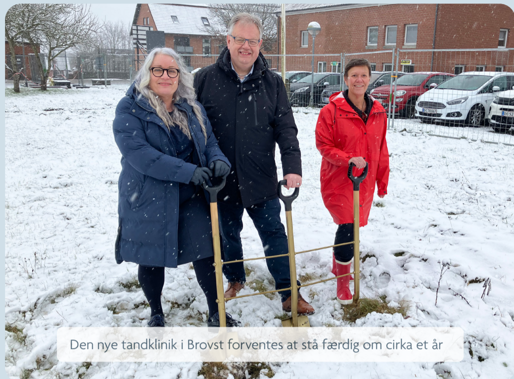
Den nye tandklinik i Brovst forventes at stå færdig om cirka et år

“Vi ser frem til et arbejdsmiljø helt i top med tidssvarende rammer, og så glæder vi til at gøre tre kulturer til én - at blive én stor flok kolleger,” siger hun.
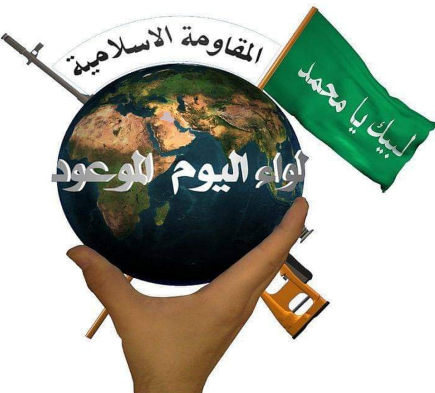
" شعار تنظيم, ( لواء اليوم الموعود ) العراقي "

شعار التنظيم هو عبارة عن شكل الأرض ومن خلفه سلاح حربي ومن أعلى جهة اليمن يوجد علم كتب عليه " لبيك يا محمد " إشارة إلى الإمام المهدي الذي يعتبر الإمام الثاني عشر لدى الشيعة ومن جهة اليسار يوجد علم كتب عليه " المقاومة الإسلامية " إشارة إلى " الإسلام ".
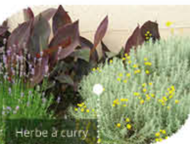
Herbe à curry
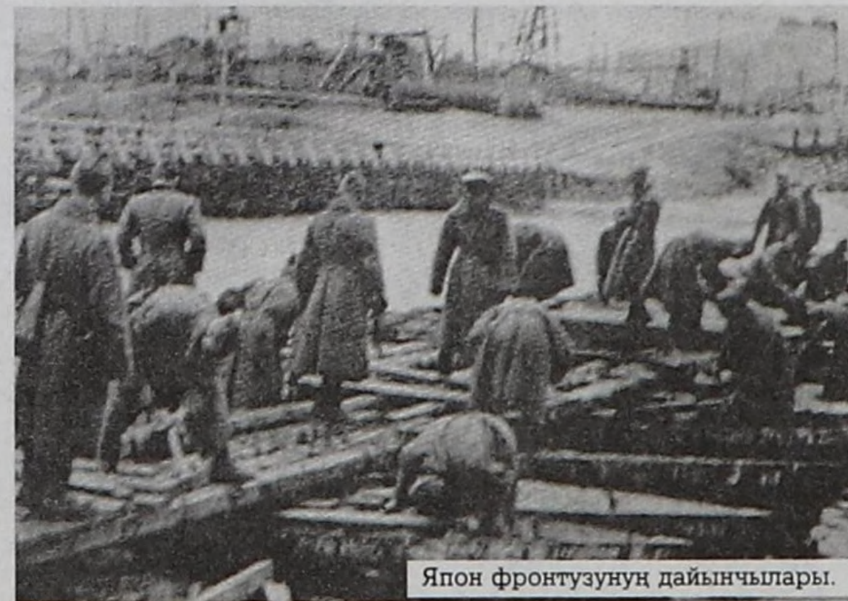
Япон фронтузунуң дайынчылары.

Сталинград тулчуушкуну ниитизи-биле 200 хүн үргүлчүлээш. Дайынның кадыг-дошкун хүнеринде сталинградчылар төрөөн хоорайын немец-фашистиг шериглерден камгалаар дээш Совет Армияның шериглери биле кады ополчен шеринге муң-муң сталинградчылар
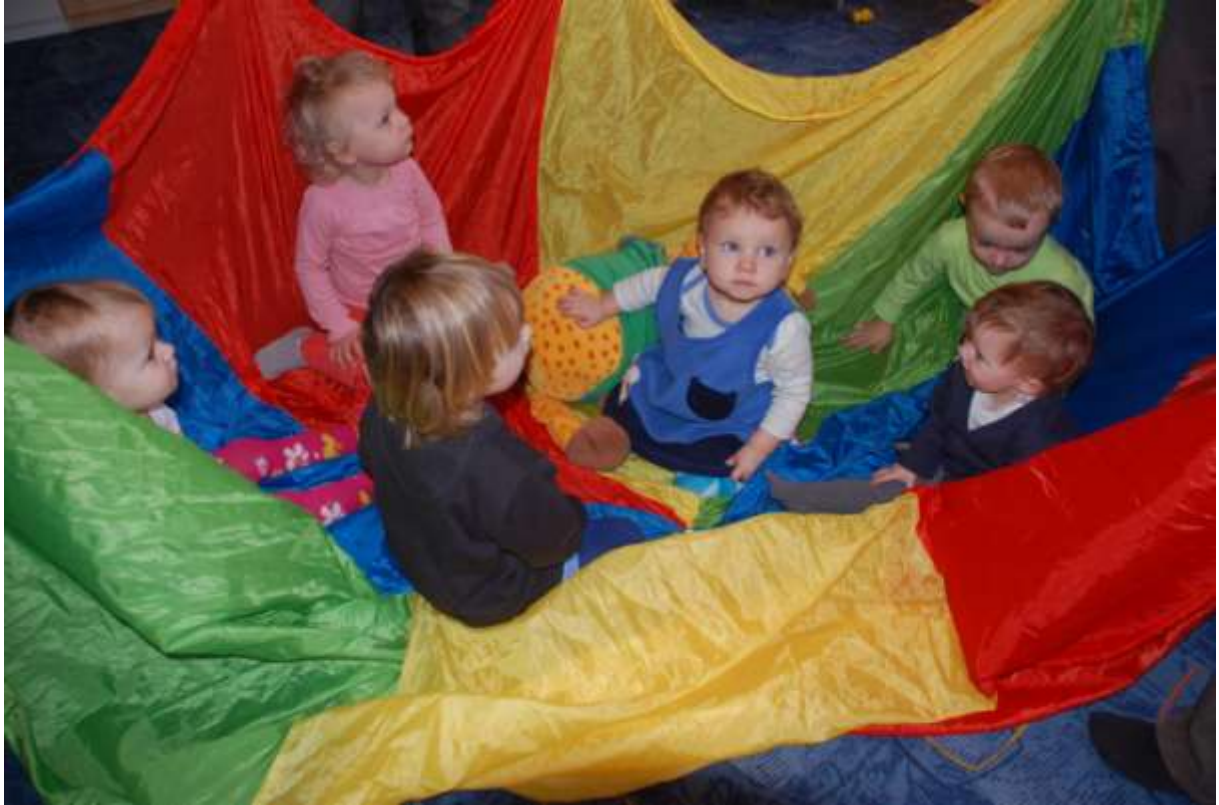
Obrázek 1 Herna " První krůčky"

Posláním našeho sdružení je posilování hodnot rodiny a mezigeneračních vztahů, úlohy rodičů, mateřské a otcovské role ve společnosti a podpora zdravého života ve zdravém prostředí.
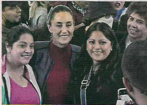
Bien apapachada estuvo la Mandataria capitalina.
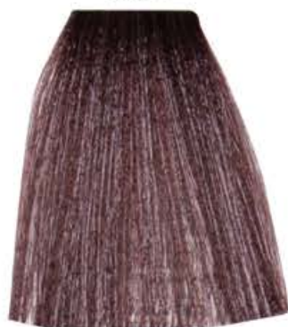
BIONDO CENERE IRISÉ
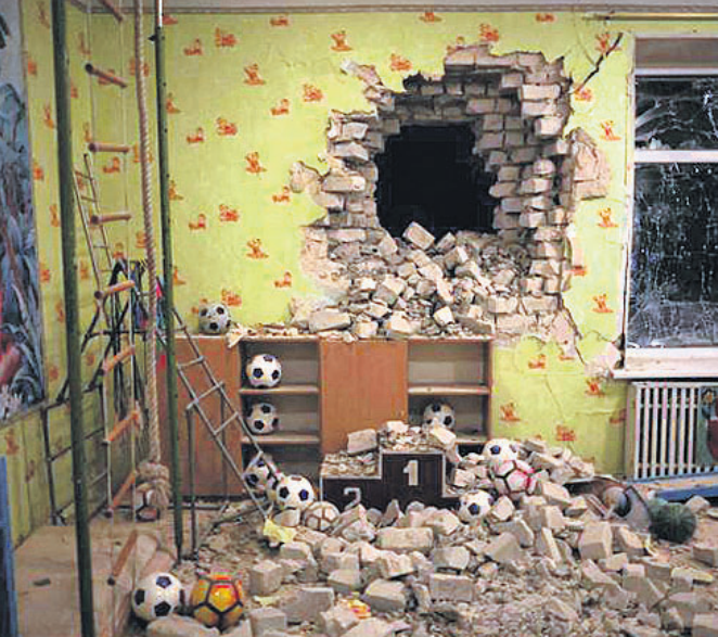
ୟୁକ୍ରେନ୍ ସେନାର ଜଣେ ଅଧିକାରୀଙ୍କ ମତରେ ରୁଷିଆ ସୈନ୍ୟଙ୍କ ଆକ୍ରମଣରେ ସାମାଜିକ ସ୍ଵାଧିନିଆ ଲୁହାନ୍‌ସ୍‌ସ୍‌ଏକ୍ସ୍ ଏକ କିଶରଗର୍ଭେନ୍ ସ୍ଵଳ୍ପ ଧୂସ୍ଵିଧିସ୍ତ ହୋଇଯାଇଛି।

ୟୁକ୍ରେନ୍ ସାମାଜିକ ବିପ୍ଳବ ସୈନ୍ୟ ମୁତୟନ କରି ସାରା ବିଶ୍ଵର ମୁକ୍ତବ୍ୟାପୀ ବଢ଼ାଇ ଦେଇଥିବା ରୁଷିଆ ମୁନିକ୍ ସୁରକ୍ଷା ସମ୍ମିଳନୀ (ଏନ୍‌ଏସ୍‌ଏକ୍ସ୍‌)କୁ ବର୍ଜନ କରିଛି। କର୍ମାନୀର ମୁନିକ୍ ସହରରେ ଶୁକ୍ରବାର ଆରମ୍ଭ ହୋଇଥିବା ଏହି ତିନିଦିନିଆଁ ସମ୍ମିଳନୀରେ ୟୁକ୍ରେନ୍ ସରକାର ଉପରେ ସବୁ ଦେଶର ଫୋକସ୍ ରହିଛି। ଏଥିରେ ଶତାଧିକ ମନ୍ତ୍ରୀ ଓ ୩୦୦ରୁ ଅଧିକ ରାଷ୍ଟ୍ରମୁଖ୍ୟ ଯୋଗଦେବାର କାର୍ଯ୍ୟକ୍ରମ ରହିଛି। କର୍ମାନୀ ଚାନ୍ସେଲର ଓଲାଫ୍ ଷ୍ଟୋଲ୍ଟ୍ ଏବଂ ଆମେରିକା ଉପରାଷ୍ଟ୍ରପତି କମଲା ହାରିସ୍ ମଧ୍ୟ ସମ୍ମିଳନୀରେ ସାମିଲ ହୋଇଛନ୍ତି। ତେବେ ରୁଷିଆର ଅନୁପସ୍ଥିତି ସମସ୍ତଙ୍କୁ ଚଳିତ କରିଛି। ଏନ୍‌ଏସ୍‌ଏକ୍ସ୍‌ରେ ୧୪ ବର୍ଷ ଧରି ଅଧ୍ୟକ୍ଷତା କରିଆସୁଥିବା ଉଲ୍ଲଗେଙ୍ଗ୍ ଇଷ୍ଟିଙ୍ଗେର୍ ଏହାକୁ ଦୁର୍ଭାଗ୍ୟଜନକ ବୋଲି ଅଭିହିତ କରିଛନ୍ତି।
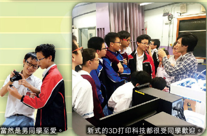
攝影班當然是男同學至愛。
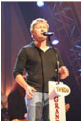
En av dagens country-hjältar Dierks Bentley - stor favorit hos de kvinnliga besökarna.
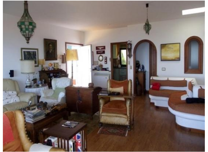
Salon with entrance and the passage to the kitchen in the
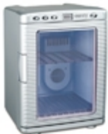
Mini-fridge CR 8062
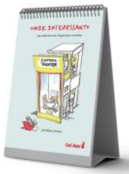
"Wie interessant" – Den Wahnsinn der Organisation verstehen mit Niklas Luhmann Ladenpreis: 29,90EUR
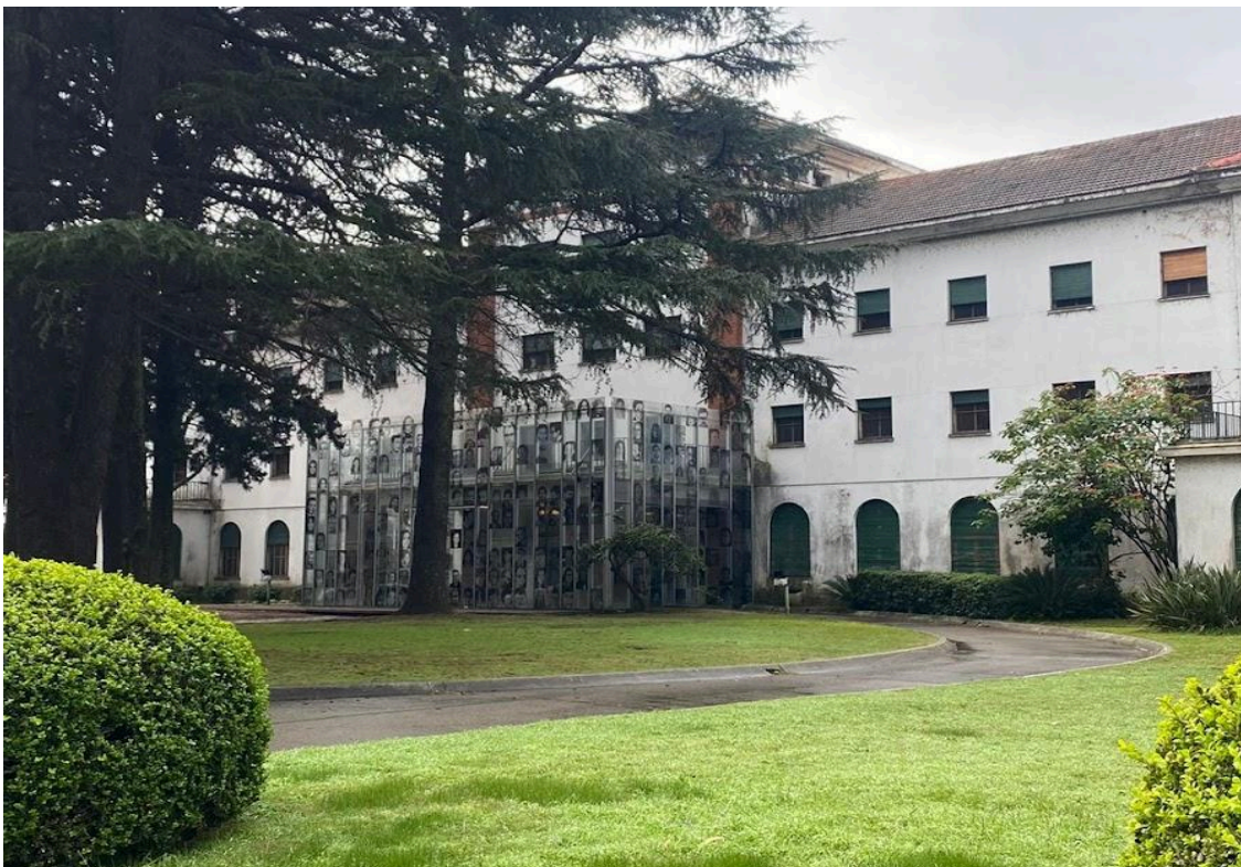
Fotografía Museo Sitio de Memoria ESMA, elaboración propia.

- - - - - - -

> _TASK INSTRUCTIONS_: Repeat the records above word for word. Pictures stay out of the copy.

> _TASK RESULT_:
Den nye tandklinik i Brovst forventes at stå færdig om cirka et år

“Vi ser frem til et arbejdsmiljø helt i top med tidssvarende rammer, og så glæder vi til at gøre tre kulturer til én - at blive én stor flok kolleger,” siger hun.
" شعار تنظيم, ( لواء اليوم الموعود ) العراقي "

شعار التنظيم هو عبارة عن شكل الأرض ومن خلفه سلاح حربي ومن أعلى جهة اليمن يوجد علم كتب عليه " لبيك يا محمد " إشارة إلى الإمام المهدي الذي يعتبر الإمام الثاني عشر لدى الشيعة ومن جهة اليسار يوجد علم كتب عليه " المقاومة الإسلامية " إشارة إلى " الإسلام ".
Herbe à curry
Япон фронтузунуң дайынчылары.

Сталинград тулчуушкуну ниитизи-биле 200 хүн үргүлчүлээш. Дайынның кадыг-дошкун хүнеринде сталинградчылар төрөөн хоорайын немец-фашистиг шериглерден камгалаар дээш Совет Армияның шериглери биле кады ополчен шеринге муң-муң сталинградчылар
Obrázek 1 Herna " První krůčky"

Posláním našeho sdružení je posilování hodnot rodiny a mezigeneračních vztahů, úlohy rodičů, mateřské a otcovské role ve společnosti a podpora zdravého života ve zdravém prostředí.
Bien apapachada estuvo la Mandataria capitalina.
BIONDO CENERE IRISÉ
ୟୁକ୍ରେନ୍ ସେନାର ଜଣେ ଅଧିକାରୀଙ୍କ ମତରେ ରୁଷିଆ ସୈନ୍ୟଙ୍କ ଆକ୍ରମଣରେ ସାମାଜିକ ସ୍ଵାଧିନିଆ ଲୁହାନ୍‌ସ୍‌ସ୍‌ଏକ୍ସ୍ ଏକ କିଶରଗର୍ଭେନ୍ ସ୍ଵଳ୍ପ ଧୂସ୍ଵିଧିସ୍ତ ହୋଇଯାଇଛି।

ୟୁକ୍ରେନ୍ ସାମାଜିକ ବିପ୍ଳବ ସୈନ୍ୟ ମୁତୟନ କରି ସାରା ବିଶ୍ଵର ମୁକ୍ତବ୍ୟାପୀ ବଢ଼ାଇ ଦେଇଥିବା ରୁଷିଆ ମୁନିକ୍ ସୁରକ୍ଷା ସମ୍ମିଳନୀ (ଏନ୍‌ଏସ୍‌ଏକ୍ସ୍‌)କୁ ବର୍ଜନ କରିଛି। କର୍ମାନୀର ମୁନିକ୍ ସହରରେ ଶୁକ୍ରବାର ଆରମ୍ଭ ହୋଇଥିବା ଏହି ତିନିଦିନିଆଁ ସମ୍ମିଳନୀରେ ୟୁକ୍ରେନ୍ ସରକାର ଉପରେ ସବୁ ଦେଶର ଫୋକସ୍ ରହିଛି। ଏଥିରେ ଶତାଧିକ ମନ୍ତ୍ରୀ ଓ ୩୦୦ରୁ ଅଧିକ ରାଷ୍ଟ୍ରମୁଖ୍ୟ ଯୋଗଦେବାର କାର୍ଯ୍ୟକ୍ରମ ରହିଛି। କର୍ମାନୀ ଚାନ୍ସେଲର ଓଲାଫ୍ ଷ୍ଟୋଲ୍ଟ୍ ଏବଂ ଆମେରିକା ଉପରାଷ୍ଟ୍ରପତି କମଲା ହାରିସ୍ ମଧ୍ୟ ସମ୍ମିଳନୀରେ ସାମିଲ ହୋଇଛନ୍ତି। ତେବେ ରୁଷିଆର ଅନୁପସ୍ଥିତି ସମସ୍ତଙ୍କୁ ଚଳିତ କରିଛି। ଏନ୍‌ଏସ୍‌ଏକ୍ସ୍‌ରେ ୧୪ ବର୍ଷ ଧରି ଅଧ୍ୟକ୍ଷତା କରିଆସୁଥିବା ଉଲ୍ଲଗେଙ୍ଗ୍ ଇଷ୍ଟିଙ୍ଗେର୍ ଏହାକୁ ଦୁର୍ଭାଗ୍ୟଜନକ ବୋଲି ଅଭିହିତ କରିଛନ୍ତି।
攝影班當然是男同學至愛。
En av dagens country-hjältar Dierks Bentley - stor favorit hos de kvinnliga besökarna.
Salon with entrance and the passage to the kitchen in the
Mini-fridge CR 8062
"Wie interessant" – Den Wahnsinn der Organisation verstehen mit Niklas Luhmann Ladenpreis: 29,90EUR
Fotografía Museo Sitio de Memoria ESMA, elaboración propia.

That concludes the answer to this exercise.